The invention belongs to the field of image recognition, and discloses an image recognition method based on a plastic convolutional neural network with scalable categories. The present invention constructs a convolutional plastic neural network with the ability of meta-learning, and manages and establishes the corresponding class library to be identified according to the application requirements, combines the plastic neural network, uses the library to be identified as data support, and uses the loop judgment method to recognize the input image and return the recognition result. The present invention solves the scalability problem of the identifiable category of the traditional target recognition method, and its advantage is that when there is an unknown category to be identified, only one or several image samples of the unknown category need to be stored in the library of the category to be identified In , there is no need to retrain the neural network or adjust the recognition algorithm, and the demand for samples is smaller than that of traditional methods.

Description

technical field [0001] The invention belongs to the field of image recognition, and relates to a calculation method for target image recognition, in particular to a target recognition method with meta-learning ability combining a convolutional neural network and a plastic neural network, and using the method to realize scalable category image recognition.
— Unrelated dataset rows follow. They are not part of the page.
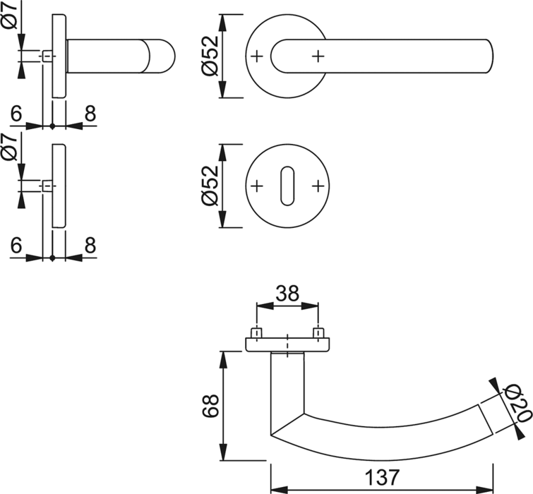 - Lagerung: Türgriffe lose, Rückholfedern rechts/links verwendbar, wartungsfreie Gleitlager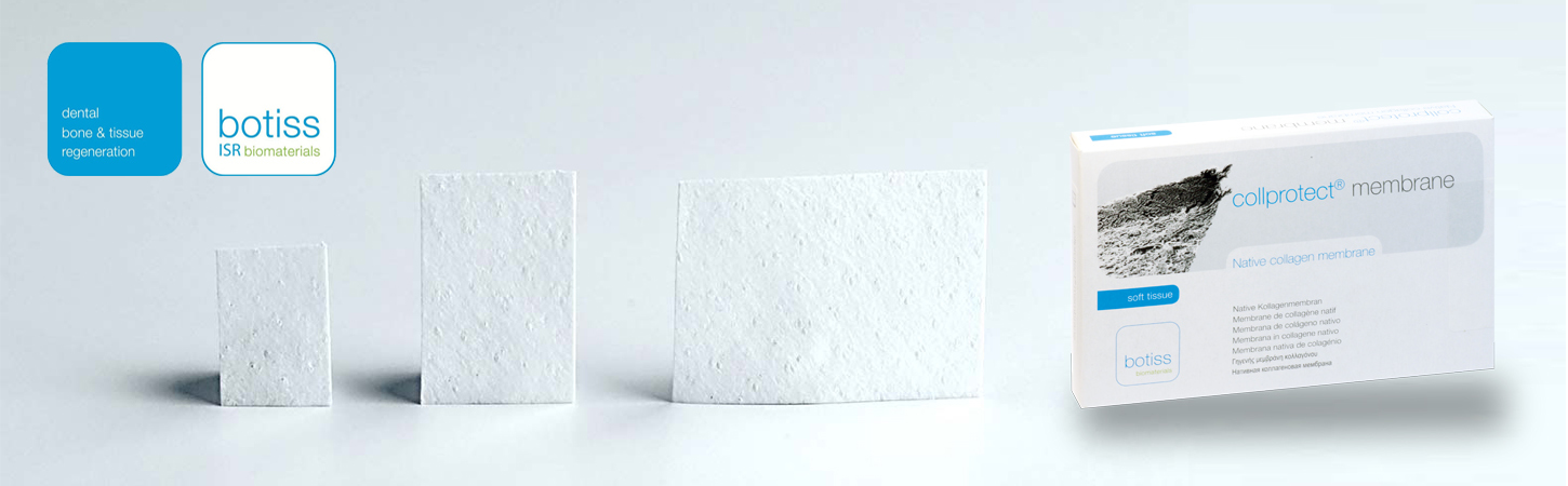Botiss Collprotect® membrána je nativní kolagenová membrána vyrobená z porcinní dermis, která je určena k regeneraci tvrdých a měkkých zubních tkání. Přirozený, hemostatický účinek kolagenu umožňuje včasnou stabilizaci rány a podporuje přirozené hojení. Membrána collprotect® navíc vykazuje dobrou povrchovou adaptaci a integraci tkáně a je ideální pro většinu indikací, kde je vyžadována střední stabilita a snadná manipulace.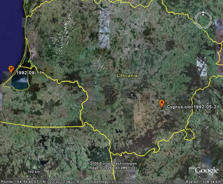 | Cygnus olor | 9140 | 1990 05 23 | Rumšiškės, Kaišiadorys | <1990 | 1990 12 31 | Klaipėda | Lietuva | Gyvas | 222 | 218 | |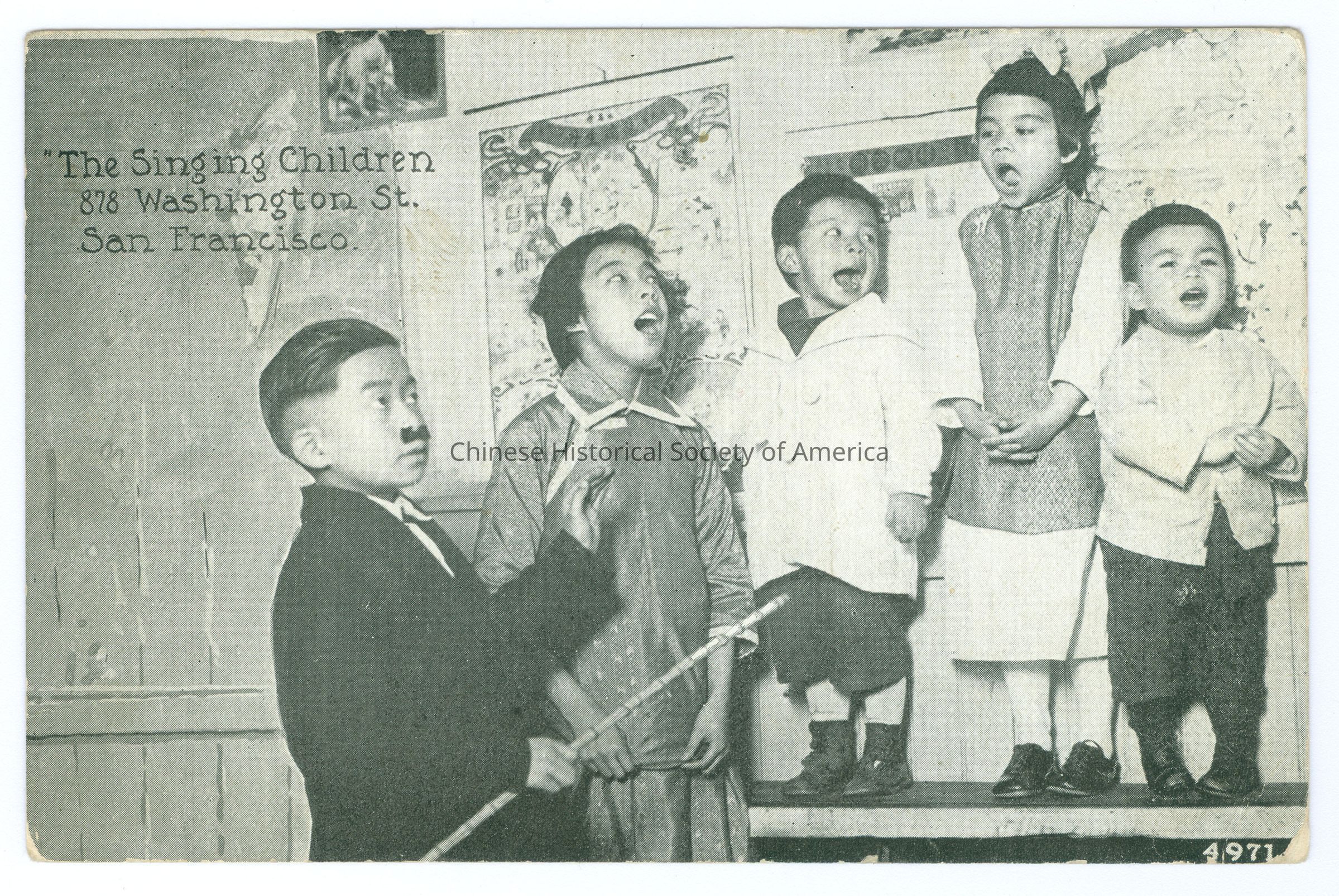 See CHSA-04270-04281. Front: Caption: "The Singing Children 878 Washington St. San Francisco. 4971." Back: "Pacific Novelty Co. San Francisco & Los Angeles." Old Accession #: DEX

Background technique [0002] Image recognition technology and method is the product of the information industry in today's era, and it is also a very popular research direction in the field of computer vision and digital image processing research. Image recognition technology has a very important role in military, medical and civilian fields in the world today. Widely used in robot navigation systems, unmanned driving technology, intelligent video monitoring, industrial product inspection and production process monitoring, aerospace and many other fields, image recognition technology is indispensable. Therefore, image reco...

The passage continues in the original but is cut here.